**Problem details**
Given the records below, the lines starting at the line with "Pure Heavy Georgette" and ending at the line with "frm(Telefonu boyun ile" should be output exactly, both end lines kept and pictures left out.

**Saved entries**
<<<<

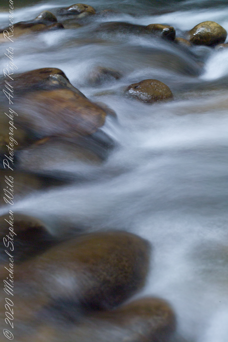 In the first photograph, the scene is bathed in soft, diffused light, lending a quiet tone to the flowing water and the weathered rock face. The surface of the Virgin River becomes a silky sheet, its motion captured with long exposure so that it seems to glide effortlessly past the cluster of smooth stones in the foreground. Here is a deep calm—the kind that can be heard in the hush of water over stone and felt in the breathless silence of a canyon morning.
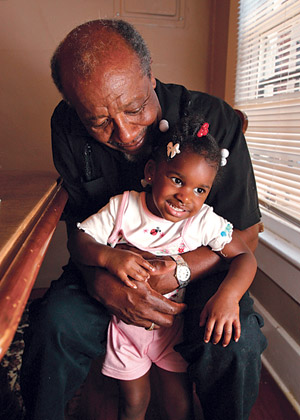 Perkins enjoys play time with one of his granddaughters, Karah.
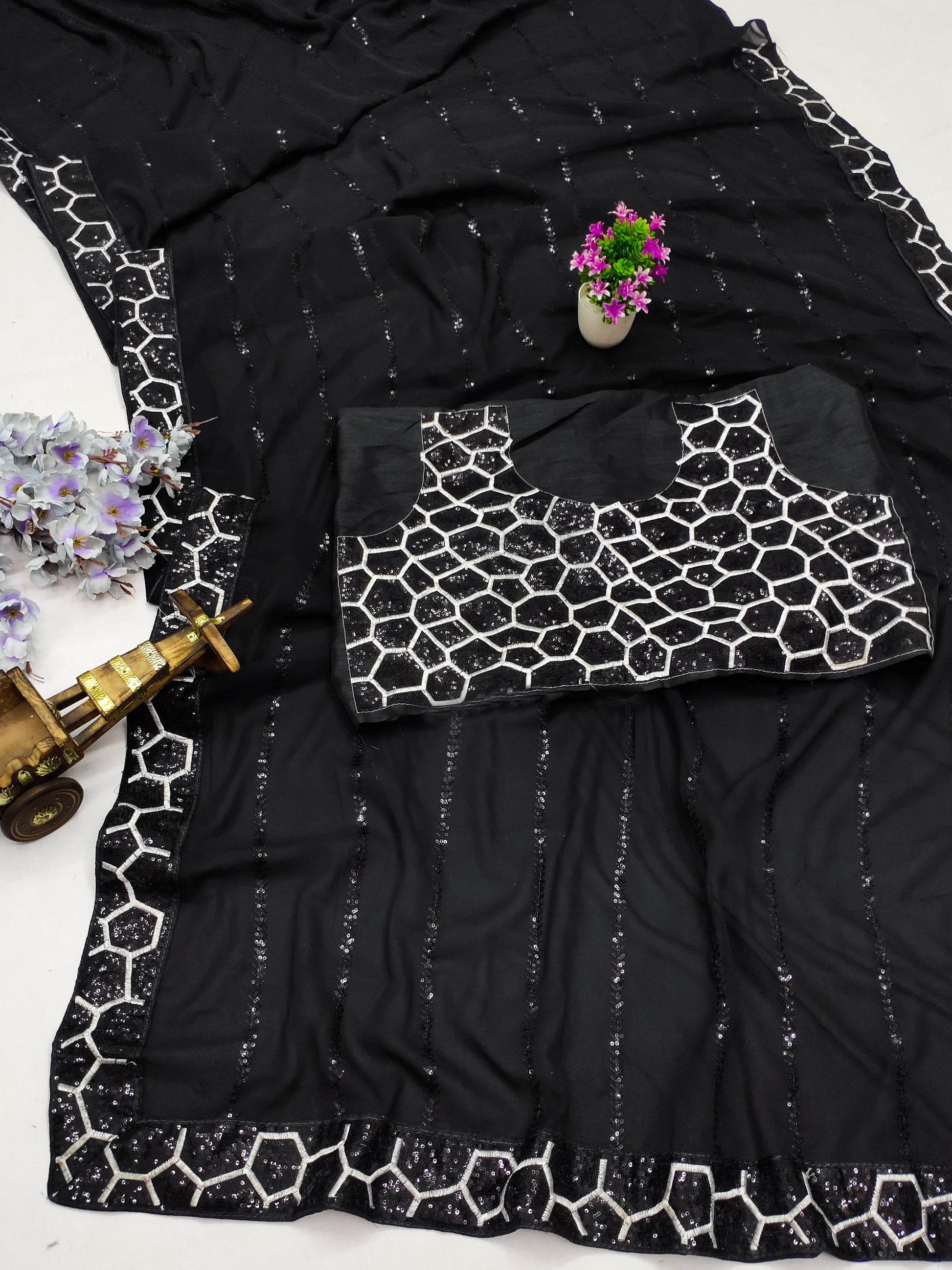 Pure Heavy Georgette Saree With Embroidery Sequins Work & Fancy Lace Border
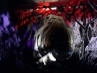 ムーミンバレーパークですが、頭上に大量の傘、下からはミストが吹いて幻想的。
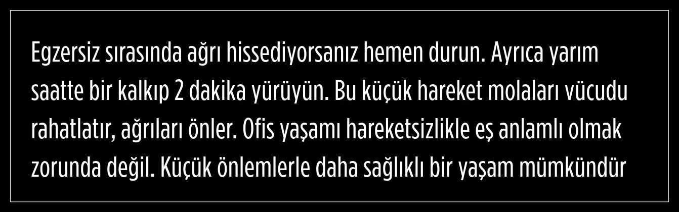 frm(Telefonu boyun ile omuz arasında sıkıştırmaktan kaçının. Çayınızı kendiniz alın, aracınızı birkaç sokak öteye park edin. Böyle küçük dokunuşlarla hareketsizliği azaltmak mümkün. Ayrıca klima ve havalandırmanın doğrudan vücuda temas etmemesine dikkat edilmeli çünkü bu da kas ağrılarını artırabiliyor)
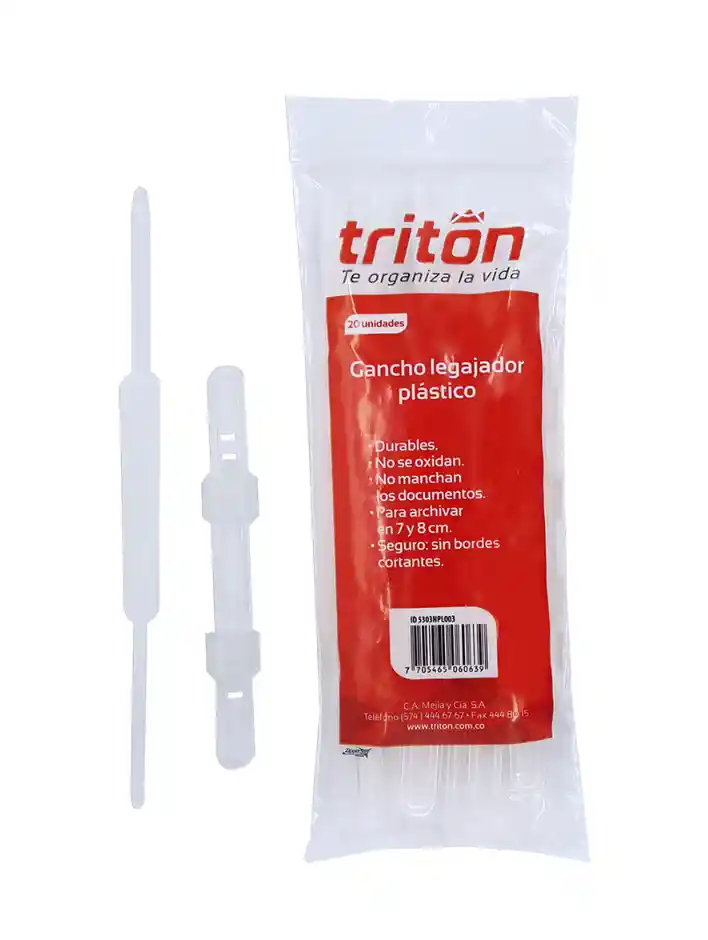 Este gancho permite realizar de manera ágil y eficiente el archivo de documentos, el juego está compuesto por dos piezas fabricadas en polipropileno totalmente plástico anticortante. Se ajusta perfectamente a las ranuras o cortes de los fólder. Características: Capacidad de almacenamiento 280 hojas de 75 g Para perforaciones de 7 y 8 cm. No se oxidan, no manchan los documentos. Flexible de alta resistencia a la manipulación. Estable a temperatura y humedad. Empaque presentación bolsa por 20.
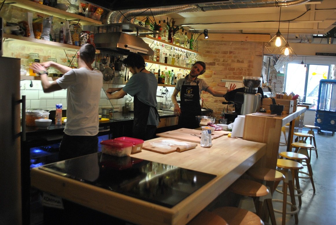 Még csak másfél hónapja, hogy megnyitott Magyarország első DIY étterme, sőt pont ilyen étterem nincs még egy a világon, így igazán egyedülálló kezdeményezésről van szó. Lendvai Ádámmal, a hely megálmodójával és tulajdonosával beszélgettünk először, majd végig főztünk egy menüt, hogy kellőképpen teszteljük a rendszert. Ádám először a Budapest Bakery-vel, vagyis az aszalt gyümölcsöket, gyümölcsleveket és egyéb finomságokat, Ring néven kínált péksüteményeket árusító helyes kis villamos és trolibusz és busz alakú kis járgányokkal vált ismertté. Ennek már két éve, most viszont ennél jóval nagyobbat álmodott, létrehozott egy olyan helyet, ahol barátokkal, ismerősökkel lehet együtt főzni, vagy kezdő randizó pároknak ad lehetőséget az ismerkedésre – Ádám megjegyezte, hogy már első randira is kifejezetten ajánlja, mert több a kontaktus lehetőség 🙂 Hahaha. De tény, hogy több lehetőség van témákat előhozni, mintha az ember egy kávéra, vagy egy hagyományos étterembe ülne be.
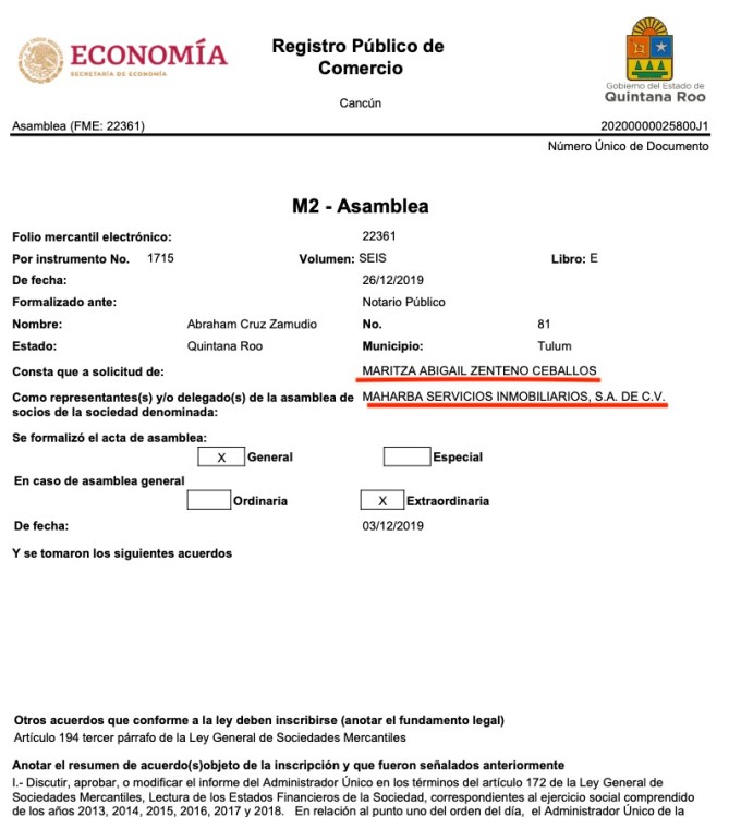 Ambas empresas no solo tienen a Tino Antoine Abraham Pompeyo en común, sino también el de Maritza Abigail Zenteno Ceballos, quien tuvo amplio poder en ambas empresas para pleitos y cobranzas, incluso es la persona que firma el contrato por parte de MAHARBA de la llamada carretera ‘Chueca’. Según una investigación al Registro Nacional Profesional, posee el título de técnico superior universitario en

>>>>

**Response to the exercise**
 Pure Heavy Georgette Saree With Embroidery Sequins Work & Fancy Lace Border
 ムーミンバレーパークですが、頭上に大量の傘、下からはミストが吹いて幻想的。
 frm(Telefonu boyun ile omuz arasında sıkıştırmaktan kaçının. Çayınızı kendiniz alın, aracınızı birkaç sokak öteye park edin. Böyle küçük dokunuşlarla hareketsizliği azaltmak mümkün. Ayrıca klima ve havalandırmanın doğrudan vücuda temas etmemesine dikkat edilmeli çünkü bu da kas ağrılarını artırabiliyor)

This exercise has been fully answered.